Prepare yourself for some incredible scenes on Coronation Street as the show prepares to say goodbye to Kelly Neelan (Millie Gibson) in spectacular fashion.
The climax of the story involves some amazing new technology that hasn’t been used on a continuing drama before. It’s called a volume wall and it’s what produces the special effects in shows like The Mandalorian and, on a larger scale, the Avengers movies.
Producer Iain MacLeod is hugely enthusiastic about what his team have been able to achieve with the technology, as he explains.
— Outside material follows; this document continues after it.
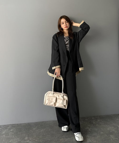 【素材】 【ベージュ、ブラウン、ブラック】表地:ポリエステル100% 裏地:ポリエステル100% 別布:綿64%、ポリエステル36% 【チャコールストライプ】表地:ポリエステル97%、レーヨン3% 裏地:ポリエステル100% 別布:綿64%、ポリエステル36%

‘Essentially, it’s like a very new fan-dangled version of what they would’ve called a green screen or back projection back in the early days of the talkies,’ he says. ‘But basically, it means you can put your actors anywhere that you can imagine. You can essentially design a 3D world, like the surface of Mars, and you could stick Ken and Rita up there having a Mr. Kipling and a cup of tea, should you wish.’
Basically this means that the actors are working in a blank space and the background is a set of enormous LED screens. The image on the screens responds to the movement of the camera, so as the camera moves the image alters exactly as it would in real life.
While it’s an expensive technology, as Iain’s Mars example shows it means that the actors can be placed in any environment imaginable without having to leave the studio.
So location shoots and night shoots can be much more easily accomplished, and it’s particularly useful if you want to film dramatic stunts with less risk to the actors.
‘The fact that you can just click your fingers and you can be in the American Savanna, or then you can click your fingers again and be on a lunar surface in a space suit, it’s just staggering, completely staggering,’ Iain enthuses.
‘You’ve got full control over the weather effects, the lighting, the engine that they use to generate this 3D world. Just by using a little dial, they can make the sun rise up and then they can wind a dial again and the sun goes down a bit. You can then shoot all the scenes against the perfect sunset, should you wish.’
This means there’s no restriction on what can be achieved and Iain is excited by the potential it offers.
‘We did joke that there will come a point where we don’t need sets anymore,’ he says. ‘You just need a volume wall and then you can just go, bang, and you’re in the Rovers and then you go, bang, and you’re in the Kabin. We were all joking about it, but a tiny bit of me thinks in 10, 20 years that might actually be not that far from the truth, really.’
For the scenes leading to Kelly Neelan’s exit, the team knew they wanted to do some spectacular stunts and, using this techology, they could accomplish their vision for how it should look.
‘If it works as well as we think it is working, and I’ve seen the rushes and it seems to be, then it might be something that as a genre more and more shows come to use when they want to do something big and spectacular, because you can just make it that bit extra,’ Iain says.
‘What I have seen of it is incredible and very exciting. So yeah, it promises to be good stuff.’